The U.S. has not yet joined COVAX, and the White House did not immediately respond to requests for comment about whether the Trump administration would consider joining.

The latest commitments include €100 million ($118.3 million) from the European Commission and €400 million ($473.4 million) approved by the European Investment Bank on Wednesday, according to the announcement. Gavi said the commitments are a part of a joint venture between the European Commission, the European Union's 27 member states, Norway and Iceland to procure vaccines for the region.

Separately, Gavi said France and Spain confirmed that they would contribute €100 million and €50 million specifically to the COVAX AMC to support poorer countries. The Bill & Melinda Gates Foundation also pledged $50 million to the COVAX AMC, bringing their total commitments to that vehicle to $156 million, according to the press release.

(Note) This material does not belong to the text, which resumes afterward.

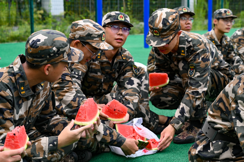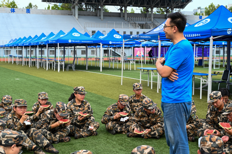 在教官的带领下,新生们身着戎装,以整齐标准的军姿迎接各领导老师的到来。马文忠向全体带训教官致以亲切慰问,对军训营近期取得的显著训练成果给予了高度评价。他寄语全体新生,要珍惜军训机会,保持积极向上的态度,严格遵守纪律,听从教官指挥,通过军训的磨砺,不仅提升自我体能与意志品质,更要增强集体荣誉感,展现出新能源学子的卓越风采与良好精神风貌。随后,学院为军训教官发放精心准备的慰问礼品,希望教官们再接再厉,圆满完成军训教学任务。最后,各系教师代表向本专业学生发放西瓜等慰问物资,并与学生们亲切交谈,分享自己的成长经历与职业感悟,激励学生们在军训中锤炼意志,勇往直前,同时耐心解答了学生们关于专业发展方向、就业前景等方面的疑惑,为学生们的未来规划提供了宝贵的建议。
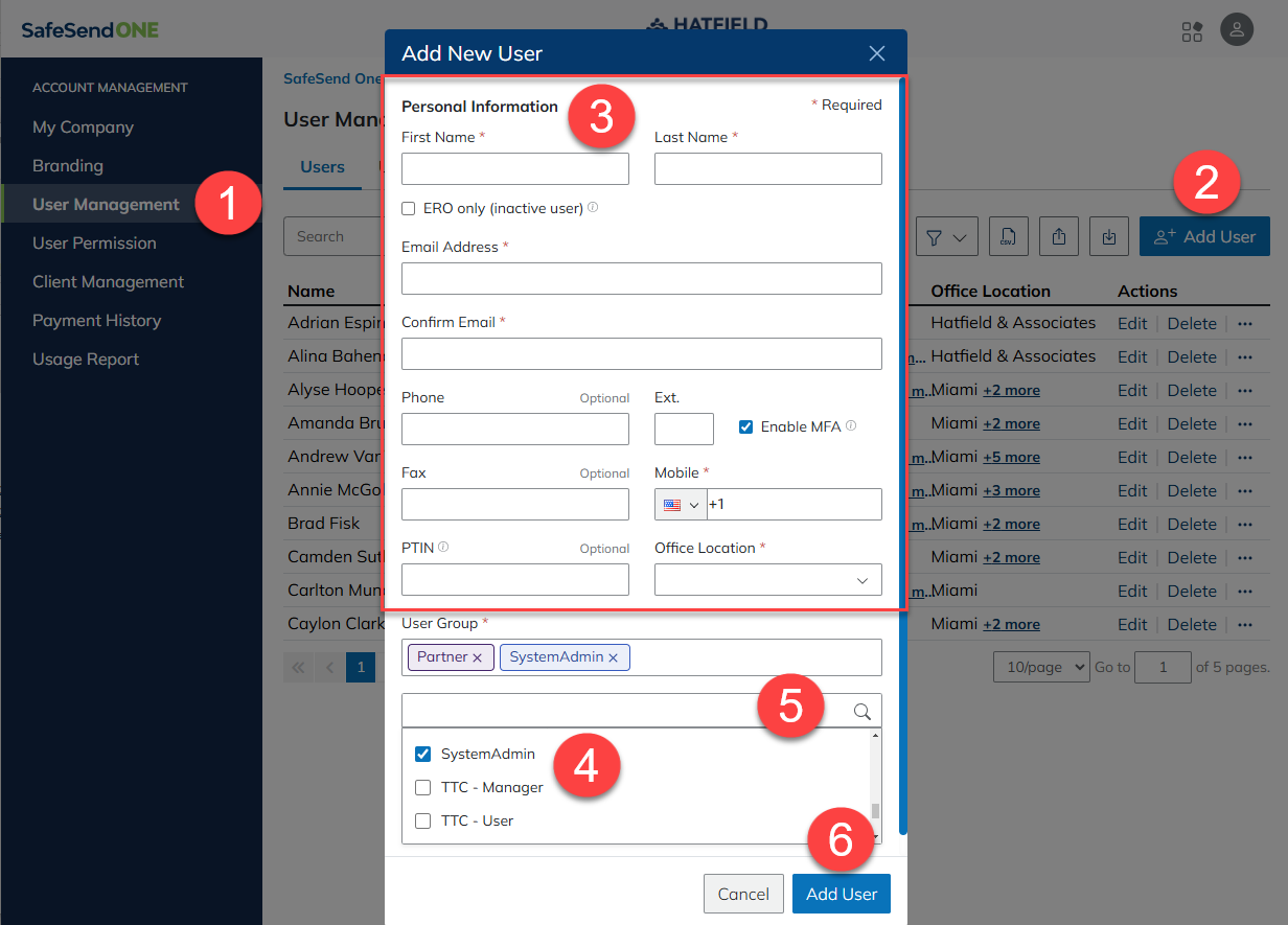User Management is where you can add users, delete users, and configure settings for users who will access products in SafeSend. The Groups control the activities that a user can perform.

And South Korea has said it will give $10 million to the AMC, according to Gavi's press release.

Gavi said that this latest funding round will allow it to reserve and later distribute 1 billion vaccine doses to the eligible low- and middle-income countries. The health organization announced in October that it has already signed a letter of intent to secure 200 million doses of Sanofi and GlaxoSmithKline's vaccine for the COVAX facility.

The COVAX funds are part of a larger partnership called the Access to COVID-19 Tools ACT-Accelerator, which Gavi said aims to accelerate the development, production and distribution of the coronavirus vaccine. The ACT program was launched by the WHO, the EC, France, the Bill & Melinda Gates Foundation and other organizations in April 2020.

To advance overall vaccine development, the Bill & Melinda Gates Foundation has also given an $20 million to CEPI, which is supporting nine candidates, including those created by the University of Oxford and AstraZeneca PLC; CureVac; and Moderna Inc., according to CEPI's website. Gavi added that although governments, organizations, individuals and vaccine manufacturers have devoted a further $1.3 billion to vaccine research and development, the health organization said another $800 million is still needed for the portfolio.

Representatives for Gavi, CEPI and did not immediately respond to requests for comment, and Gavi's counsel information was not immediately known. The WHO directed a request for comment to Gavi, and a representative from the Bill & Melinda Gates Foundation was not immediately available for an interview Friday.